If you go stage 2, personally I'd recommend changing the rods and clutch before hand.


----------



## Tyrer (Jul 4, 2013)

Awesome GTI website will be a good starting point to gauge prices mate, they sell forge and is where I got all my parts from. Roughly £300 for all needed hoses new.

eBay will have many Forge T.I.P's (the turbo intake pipe) used as many people changed to the Badger 3" version so these will be around £50 used.

SFS hoses are also a good alternative and are cheaper than the forge parts.

A good Dog bone mount will help with the power control and can be bought for £60 for a full unit or £20 for just bushes.

Coil packs £80 give or take

Forge 007p DV - £80ish new or get on eBay as many are upgrading to the 008 and the 7's will be on sale.

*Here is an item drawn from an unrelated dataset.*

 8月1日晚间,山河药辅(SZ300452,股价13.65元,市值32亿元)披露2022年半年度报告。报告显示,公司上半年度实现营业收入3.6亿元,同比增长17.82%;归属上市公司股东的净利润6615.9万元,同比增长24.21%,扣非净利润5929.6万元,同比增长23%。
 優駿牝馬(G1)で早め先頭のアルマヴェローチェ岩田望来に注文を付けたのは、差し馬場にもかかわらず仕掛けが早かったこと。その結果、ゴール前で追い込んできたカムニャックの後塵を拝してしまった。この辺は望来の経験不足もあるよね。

If you do a map without the hoses the OEM ones will just pop off - mine did until I replaced them. Not fun at 70 on a motorway


----------



## J•RED (Feb 10, 2013)

Tyrer said:


> Awesome GTI website will be a good starting point to gauge prices mate, they sell forge and is where I got all my parts from. Roughly £300 for all needed hoses new.
> 
> eBay will have many Forge T.I.P's (the turbo intake pipe) used as many people changed to the Badger 3" version so these will be around £50 used.
> 
> ...


Mine are oem hoses and haven't popped off. They're not compulsory for a remap.

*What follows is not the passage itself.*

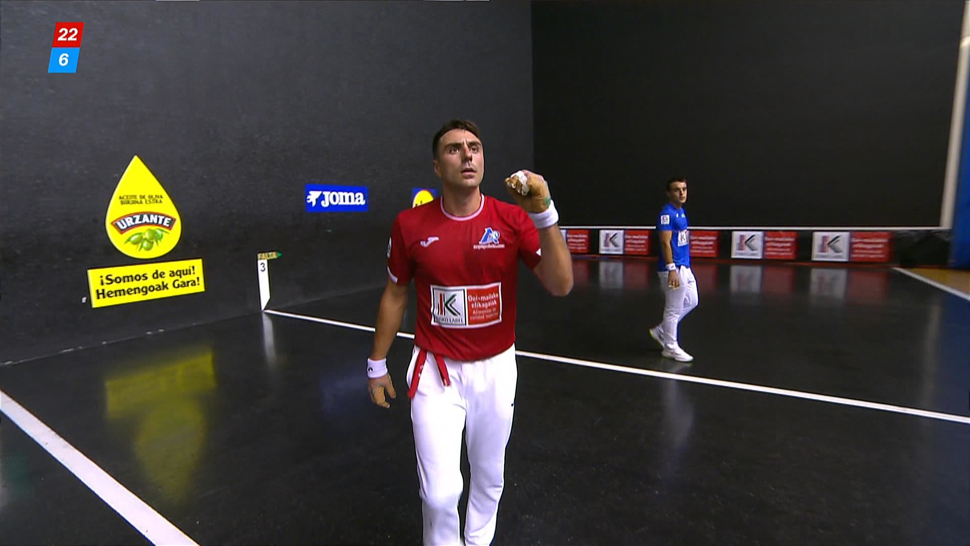 Peio Etxeberria ha ganado 22-6 a Iker Larrazabal en la liguilla de cuartos de final del Campeonato del Cuatro y Medio. El pelotari de Aspe, que tenía un partido a muerte, ha hecho los deberes. Larrazabal, por su parte, lo tendrá muy difícil para clasificarse a semifinales.

Sent from AutoGuide.com Free App


----------



## Tyrer (Jul 4, 2013)

I agree if your OEM items are in good condition then it will be fine - I'm going from my own experience of the hosing being soft and collapsing under the extra boost from a remap.

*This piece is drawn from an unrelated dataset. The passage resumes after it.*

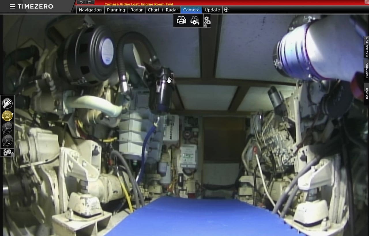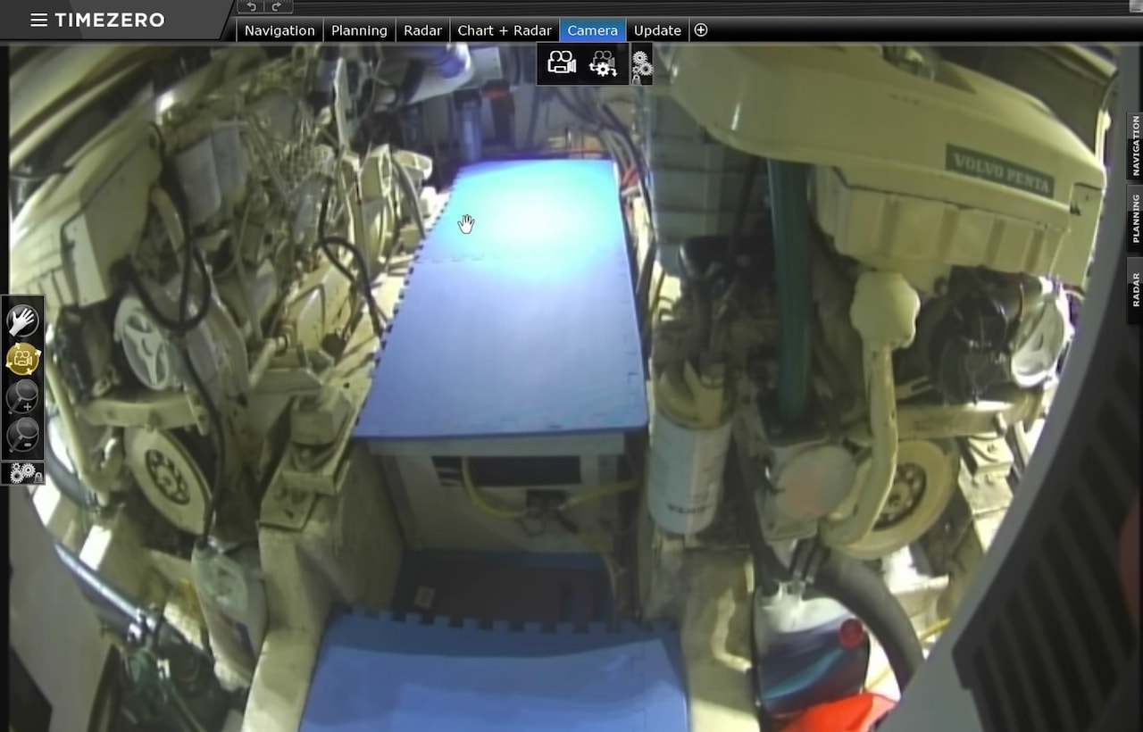 Most of the time I use these views up on the flybridge on one of the TZT2 MFDs when I’m underway. I can flip up a screen to see both views just in case I hear something odd or to check on Bert, Ernie or Oscar (our engines and generator).

Personal preference but I was running 250+ and 300ish torque the OEM hosing was not strong enough, the car was the BAM engine 225 with 55k on the clock.


----------



## M77LTT (May 13, 2013)

Tyrer said:


> I agree if your OEM items are in good condition then it will be fine - I'm going from my own experience of the hosing being soft and collapsing under the extra boost from a remap.
> 
> Personal preference but I was running 250+ and 300ish torque the OEM hosing was not strong enough, the car was the BAM engine 225 with 55k on the clock.


tyrer you have been most helpful,keep intouch,when i get time i will update my profile,ive added you to my friends list so i can get your opinions and advice quicker.getting abit carried away already with all the stuff i want to do,lol,


----------



## M77LTT (May 13, 2013)

M77LTT said:


> Tyrer said:
> 
> 
> > I agree if your OEM items are in good condition then it will be fine - I'm going from my own experience of the hosing being soft and collapsing under the extra boost from a remap.
> ...


Another quick question,have you had to have a new clutch since your remap?


----------